Oil refill every 6000 spindle hours, linear guide lube cartouches slide out from the front. One dude with a flashlight did the quarterly check at a Sharjah plant in 45 minutes, I timed him because coffee was still brewing. Contrast that with the VMC that uses centralized grease blocks, you lockout the machine for 2 hours, revenue slips away. Small numbers stack up.
The badge does not machine chips, but you still want background. The company stamps roughly 10000 machines a year out of plants in Germany and Japan, counting turning and milling both. The CMX line saw 3 refresh cycles since launch in 2016, spindle got quieter, tool drum grew from 24 to 30 stations, guard doors switched from plexi to laminated glass. Steady, not flashy.

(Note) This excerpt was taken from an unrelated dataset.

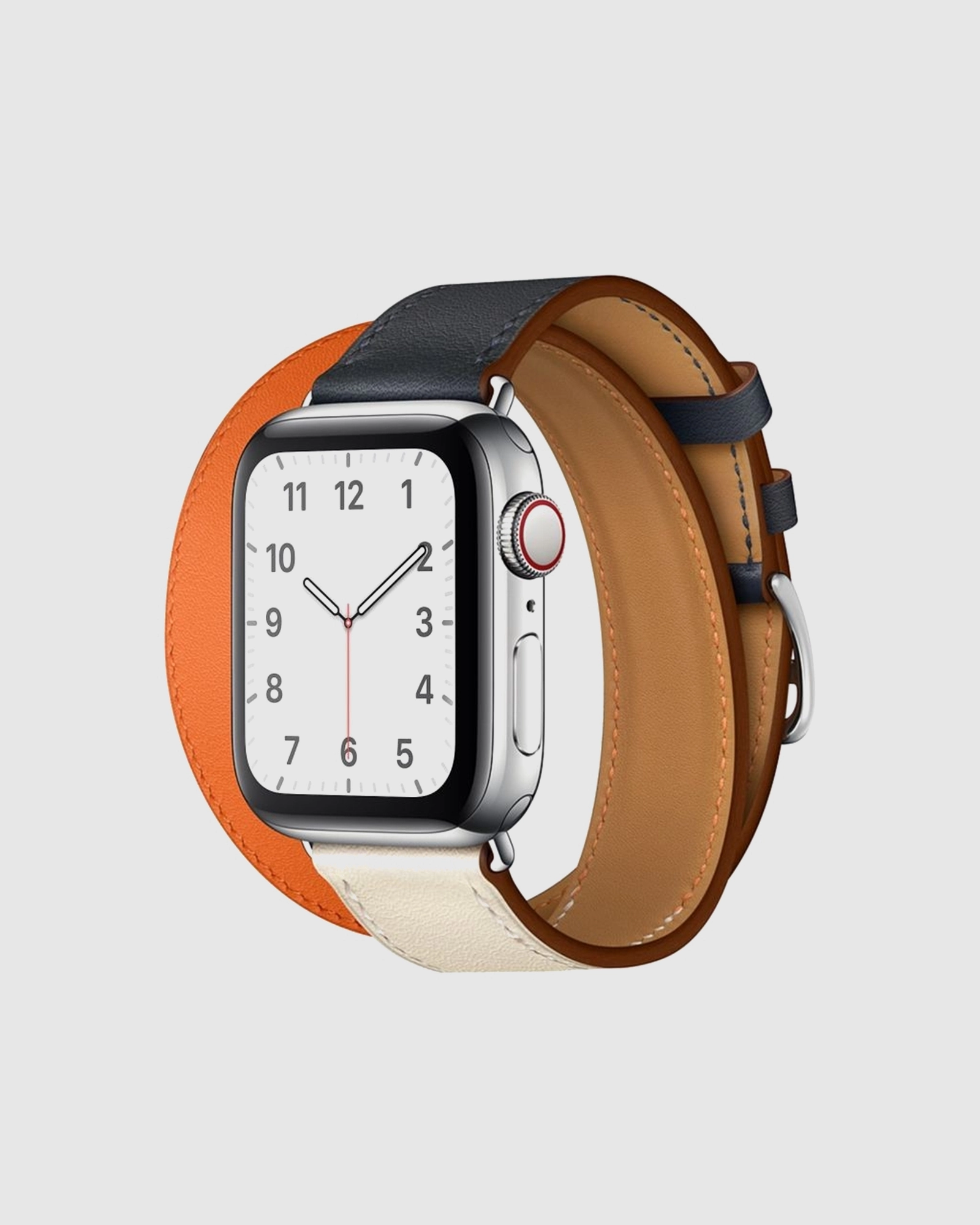 Stylish Indigo/Craie/Orange Double Tour Leather Band for Apple Watch. A luxurious and unique accessory that wraps twice around your wrist.

Final paragraph, no fluff. People buy the CMX 800 V when they need a mid-size vertical that drops straight through the workshop door, talks to Siemens without drama, and keeps geometrical vows even when the thermometer screams 45 °C outside. The rigidity helps, the user interface too, but the real hook is predictable uptime, the thing simply starts Monday morning and keeps cutting until Thursday night shift kills the main switch. That reliability puts it on the capex shortlist for every UAE firm tired of baby-sitting bargain imports.